Allowing multiple disparate return types in impl Trait using unions


#1

This is a simple idea that I’m sure a lot of ya’ll have had that I wanted to present here just to have it out in the open.

Return impl Trait can be optimized to improve spatial locality (i.e. remove the cache miss associated with dynamic dispatch) while being able to return multiple disparate types. This works by always returning an object of the largest size of the disparate return types. If the disparate types are similarly sized, then this is zero overhead. Otherwise memory can be wasted.

I will motivate this with an example. Say we have a trait with methods that only take a reference to self as a receiver (that is to say, none of them take ownership of self. Otherwise they may take any number of arguments):

trait Simple {
    fn method1(&self) -> u32;
    fn method2(&self, arg1: u32) -> u32;
    fn method3(&self, arg1: u32, arg2: u32) -> u32;
}

Assume that we have three types, T1, T2, and T3 that all implement Simple. Consider the following function that we would like to return T1, T2, or T3 from while removing dynamic dispatch cache miss:

fn retSimple(v: u32) -> impl Simple {
    match v {
        1 => T1{ ... },
        2 => T2{ ... },
        3 => T3{ ... },
    }
}

If is possible to implement this with no overhead thanks to unions. To do this, we make an anonymous return type for retSimple as follows:

union DataUnion {
    t1: T1,
    t2: T2,
    t3: T3,
}

struct retSimpleRetType {
    data: DataUnion,
    simpleMethod1: fn (&DataUnion) -> u32,
    simpleMethod2: fn (&DataUnion) -> u32,
    simpleMethod3: fn (&DataUnion) -> u32,
}

retSimple would then be implemented as follows:

fn retSimple(v: u32) -> retSimpleRetType {
    match v {
        1 => retSimpleRetType {
            data: DataUnion {
                t1: T1{ ... },
            },
            simpleMethod1: <T1 as Simple>::method1, // (with necessary transmutes/casts)
            // etc ...
        },
        2 => retSimpleRetType{ ... },
        3 => retSimpleRetType{ ... },
    }
}

If (and this is a big if) the number of methods in Simple is few, and the sizes of the different return types are relatively equal, this method removes the cache miss required by dynamic dispatch for multiple disparate return types in impl Trait with little overhead.
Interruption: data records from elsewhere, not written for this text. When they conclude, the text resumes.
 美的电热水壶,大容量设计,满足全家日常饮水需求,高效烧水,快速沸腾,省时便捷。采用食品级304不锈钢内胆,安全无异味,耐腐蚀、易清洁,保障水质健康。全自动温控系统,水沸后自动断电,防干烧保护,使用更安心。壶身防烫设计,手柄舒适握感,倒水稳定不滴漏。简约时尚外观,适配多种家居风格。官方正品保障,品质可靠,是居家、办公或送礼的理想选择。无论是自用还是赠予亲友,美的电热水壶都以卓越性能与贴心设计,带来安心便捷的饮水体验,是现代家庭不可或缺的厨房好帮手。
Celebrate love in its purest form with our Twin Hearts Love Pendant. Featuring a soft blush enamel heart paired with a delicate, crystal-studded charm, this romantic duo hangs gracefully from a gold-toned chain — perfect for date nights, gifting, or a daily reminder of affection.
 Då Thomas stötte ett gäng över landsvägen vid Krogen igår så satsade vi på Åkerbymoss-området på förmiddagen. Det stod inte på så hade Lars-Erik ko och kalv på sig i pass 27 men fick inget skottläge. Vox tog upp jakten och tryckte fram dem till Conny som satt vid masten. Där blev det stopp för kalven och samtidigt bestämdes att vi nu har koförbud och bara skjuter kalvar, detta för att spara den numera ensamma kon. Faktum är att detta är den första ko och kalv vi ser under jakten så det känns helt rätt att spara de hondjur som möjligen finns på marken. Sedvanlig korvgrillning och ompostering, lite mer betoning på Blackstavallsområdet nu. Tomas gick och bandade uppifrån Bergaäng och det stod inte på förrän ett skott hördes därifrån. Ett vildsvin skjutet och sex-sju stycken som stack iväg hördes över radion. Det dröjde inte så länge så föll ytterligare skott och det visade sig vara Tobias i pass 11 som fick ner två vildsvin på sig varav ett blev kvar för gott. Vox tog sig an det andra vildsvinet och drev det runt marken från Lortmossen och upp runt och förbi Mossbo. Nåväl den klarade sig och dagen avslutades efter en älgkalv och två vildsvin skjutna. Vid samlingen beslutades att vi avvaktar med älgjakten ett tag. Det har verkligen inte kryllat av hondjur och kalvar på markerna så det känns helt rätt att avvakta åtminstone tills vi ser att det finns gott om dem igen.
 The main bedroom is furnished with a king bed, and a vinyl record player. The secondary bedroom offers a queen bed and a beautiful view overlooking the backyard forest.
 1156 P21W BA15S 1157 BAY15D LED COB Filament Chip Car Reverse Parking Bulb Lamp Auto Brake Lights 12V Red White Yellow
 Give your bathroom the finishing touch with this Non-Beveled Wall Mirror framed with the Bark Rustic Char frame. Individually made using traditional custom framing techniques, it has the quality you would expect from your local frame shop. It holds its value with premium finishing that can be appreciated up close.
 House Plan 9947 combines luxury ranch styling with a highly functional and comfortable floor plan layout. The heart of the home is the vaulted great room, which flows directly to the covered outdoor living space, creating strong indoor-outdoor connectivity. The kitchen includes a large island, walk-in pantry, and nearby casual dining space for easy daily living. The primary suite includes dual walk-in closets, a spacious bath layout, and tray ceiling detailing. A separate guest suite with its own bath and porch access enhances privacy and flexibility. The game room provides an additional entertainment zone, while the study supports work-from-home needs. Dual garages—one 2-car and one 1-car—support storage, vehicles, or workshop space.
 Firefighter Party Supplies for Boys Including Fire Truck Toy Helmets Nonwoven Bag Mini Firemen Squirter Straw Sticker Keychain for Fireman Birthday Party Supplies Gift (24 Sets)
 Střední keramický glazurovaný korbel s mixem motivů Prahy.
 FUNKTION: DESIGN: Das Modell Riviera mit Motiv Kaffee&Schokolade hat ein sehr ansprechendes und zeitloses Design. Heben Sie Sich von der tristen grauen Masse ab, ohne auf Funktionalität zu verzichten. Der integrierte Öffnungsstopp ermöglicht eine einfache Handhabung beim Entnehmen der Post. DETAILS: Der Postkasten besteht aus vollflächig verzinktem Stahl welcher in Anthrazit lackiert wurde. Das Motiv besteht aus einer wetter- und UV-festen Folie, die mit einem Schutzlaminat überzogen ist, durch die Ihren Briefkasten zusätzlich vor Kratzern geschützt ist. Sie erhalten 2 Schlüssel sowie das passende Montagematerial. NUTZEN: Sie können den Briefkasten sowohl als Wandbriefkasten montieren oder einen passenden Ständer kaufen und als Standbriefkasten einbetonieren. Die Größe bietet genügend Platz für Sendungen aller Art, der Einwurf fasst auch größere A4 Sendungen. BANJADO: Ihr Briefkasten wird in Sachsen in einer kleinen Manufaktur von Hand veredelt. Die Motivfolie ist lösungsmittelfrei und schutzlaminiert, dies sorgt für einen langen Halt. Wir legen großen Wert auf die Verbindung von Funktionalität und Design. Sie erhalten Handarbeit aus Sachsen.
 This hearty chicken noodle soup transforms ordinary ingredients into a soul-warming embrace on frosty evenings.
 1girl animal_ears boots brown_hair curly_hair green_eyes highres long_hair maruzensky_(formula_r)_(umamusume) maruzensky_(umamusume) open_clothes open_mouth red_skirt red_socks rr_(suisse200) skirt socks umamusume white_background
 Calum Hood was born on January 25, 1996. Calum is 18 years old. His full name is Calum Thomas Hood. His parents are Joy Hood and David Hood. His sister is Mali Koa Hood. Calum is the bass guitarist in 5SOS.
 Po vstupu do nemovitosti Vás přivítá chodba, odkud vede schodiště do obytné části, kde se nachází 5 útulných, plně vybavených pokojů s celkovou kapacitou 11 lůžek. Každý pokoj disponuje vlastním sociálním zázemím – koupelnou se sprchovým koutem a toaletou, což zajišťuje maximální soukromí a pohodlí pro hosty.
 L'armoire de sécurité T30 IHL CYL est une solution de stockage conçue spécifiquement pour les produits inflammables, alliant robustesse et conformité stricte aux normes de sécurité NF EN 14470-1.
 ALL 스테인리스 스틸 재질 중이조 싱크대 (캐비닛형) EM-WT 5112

In fact, if the disparate traits all have size equal to that of a pointer, and the trait in question only contains one method, this method is entirely equal to returning a boxed trait object.

Just a thought


#2

Yep, this idea has been floating around for a while and everyone seems to like it. I’ve been calling it enum impl Trait though everyone seems to have their own preferred name for it. I believe the most recent chatter on the subject is happening at https://github.com/rust-lang/rfcs/issues/2414, which includes my most recent thoughts so I won’t bother repeating them here.


#3

Thanks for pointing me to that RFC! Rust internal discussions are a little difficult to navigate around :stuck_out_tongue: I think the fundamental difference between this optimizations and automatic sum types is that we don’t need to carry the discriminant of the sum type in order to determine the desired method each time one is called. The disadvantage is that we need to carry function pointers for the traits we need.


#4

I’m not sure how it “removes dynamic dispatch” then. If we do need indirect calls through function pointers, how is that not dynamic dispatch?


#5

I guess “removing dynamic dispatch” is a result of my tired brain. It substantially reduced overhead. Consider a fat pointer:

struct VTable {
    method1: fn(*const u8) -> u32, // example 
}

struct FPointer {
    data: *const u8,
    vtable: &VTable,
}

Using this requires dereferencing a pointer (VTable) and using that value as a function pointer. VTable may not be in cache, causing a cache miss.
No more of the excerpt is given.